WHAT YOU NEED TO DO: Please reproduce the entries below exactly as they stand, but leave the pictures out.

DATA EXTRACTS:
• • • • • • •
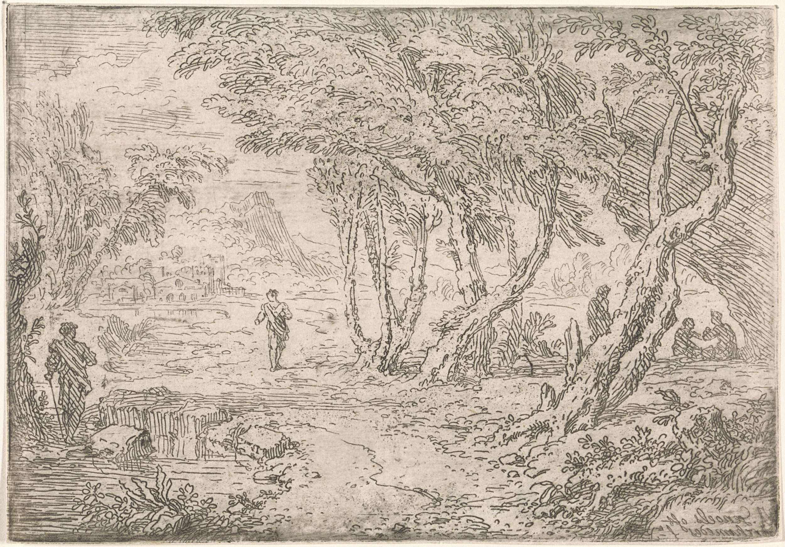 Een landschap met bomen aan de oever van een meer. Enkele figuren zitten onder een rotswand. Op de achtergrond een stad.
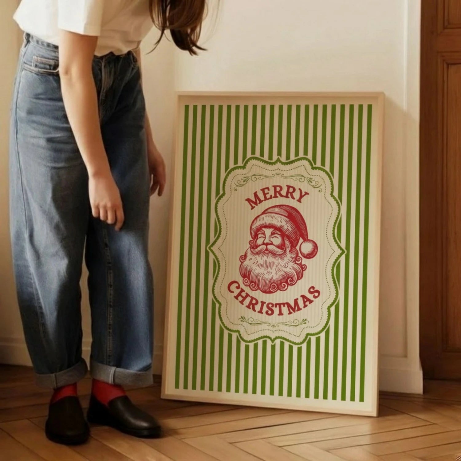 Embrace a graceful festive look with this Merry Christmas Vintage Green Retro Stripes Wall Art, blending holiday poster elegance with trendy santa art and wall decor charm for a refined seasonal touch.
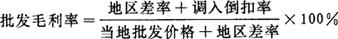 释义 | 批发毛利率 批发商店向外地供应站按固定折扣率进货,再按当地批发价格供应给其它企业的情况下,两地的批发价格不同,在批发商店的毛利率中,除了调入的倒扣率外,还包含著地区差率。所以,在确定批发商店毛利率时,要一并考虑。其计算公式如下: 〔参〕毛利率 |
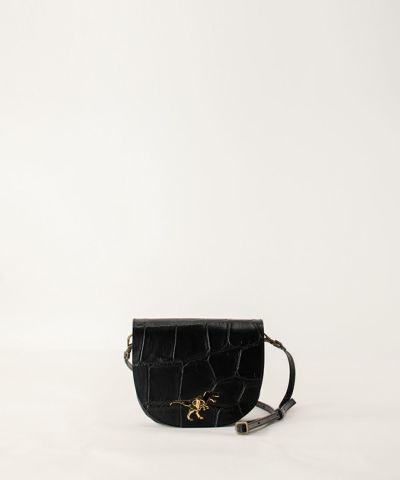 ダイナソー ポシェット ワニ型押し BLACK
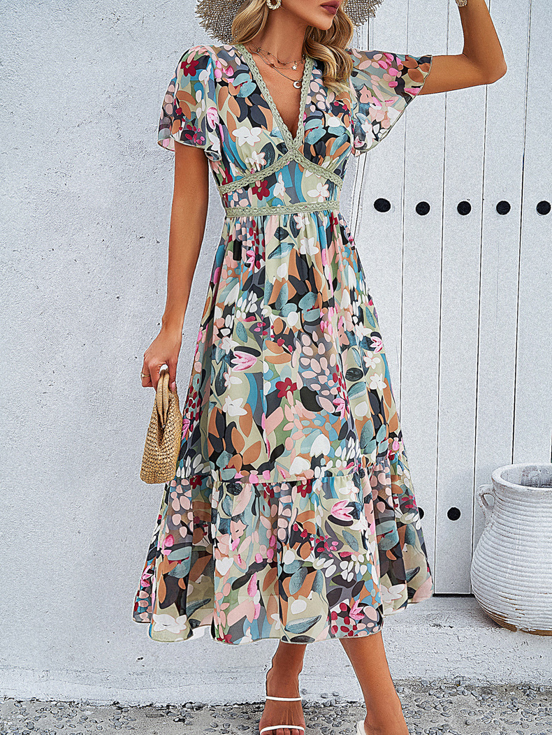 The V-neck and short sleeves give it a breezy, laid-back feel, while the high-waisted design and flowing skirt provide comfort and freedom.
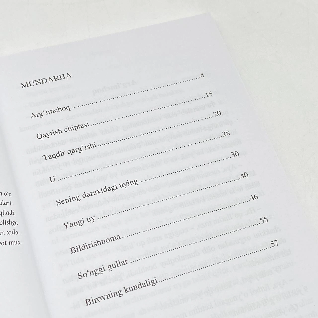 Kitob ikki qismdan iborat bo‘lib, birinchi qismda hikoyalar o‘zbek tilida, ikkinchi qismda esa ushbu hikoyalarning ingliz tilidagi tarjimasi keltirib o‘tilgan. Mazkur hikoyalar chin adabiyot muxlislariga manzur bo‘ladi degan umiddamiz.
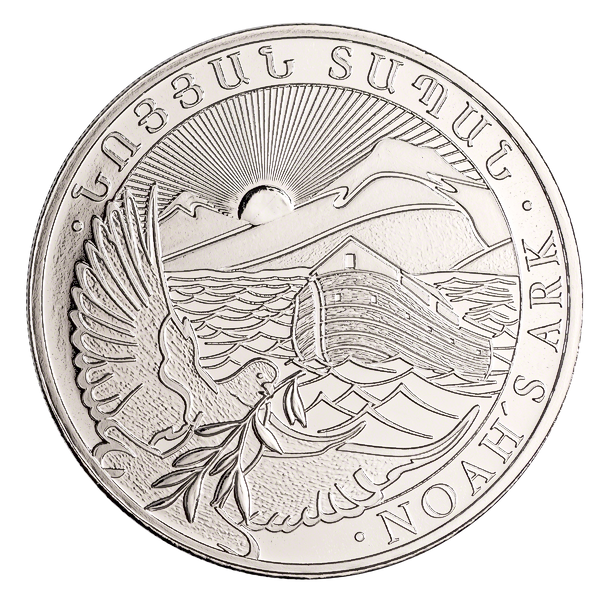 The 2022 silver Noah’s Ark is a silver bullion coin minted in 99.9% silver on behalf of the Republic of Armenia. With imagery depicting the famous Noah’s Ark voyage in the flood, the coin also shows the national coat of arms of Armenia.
• • • • • • •
EXERCISE OUTPUT:
 Een landschap met bomen aan de oever van een meer. Enkele figuren zitten onder een rotswand. Op de achtergrond een stad.
 Embrace a graceful festive look with this Merry Christmas Vintage Green Retro Stripes Wall Art, blending holiday poster elegance with trendy santa art and wall decor charm for a refined seasonal touch.
 释义 | 批发毛利率 批发商店向外地供应站按固定折扣率进货,再按当地批发价格供应给其它企业的情况下,两地的批发价格不同,在批发商店的毛利率中,除了调入的倒扣率外,还包含著地区差率。所以,在确定批发商店毛利率时,要一并考虑。其计算公式如下: 〔参〕毛利率 |
 ダイナソー ポシェット ワニ型押し BLACK
 The V-neck and short sleeves give it a breezy, laid-back feel, while the high-waisted design and flowing skirt provide comfort and freedom.
 Kitob ikki qismdan iborat bo‘lib, birinchi qismda hikoyalar o‘zbek tilida, ikkinchi qismda esa ushbu hikoyalarning ingliz tilidagi tarjimasi keltirib o‘tilgan. Mazkur hikoyalar chin adabiyot muxlislariga manzur bo‘ladi degan umiddamiz.
 The 2022 silver Noah’s Ark is a silver bullion coin minted in 99.9% silver on behalf of the Republic of Armenia. With imagery depicting the famous Noah’s Ark voyage in the flood, the coin also shows the national coat of arms of Armenia.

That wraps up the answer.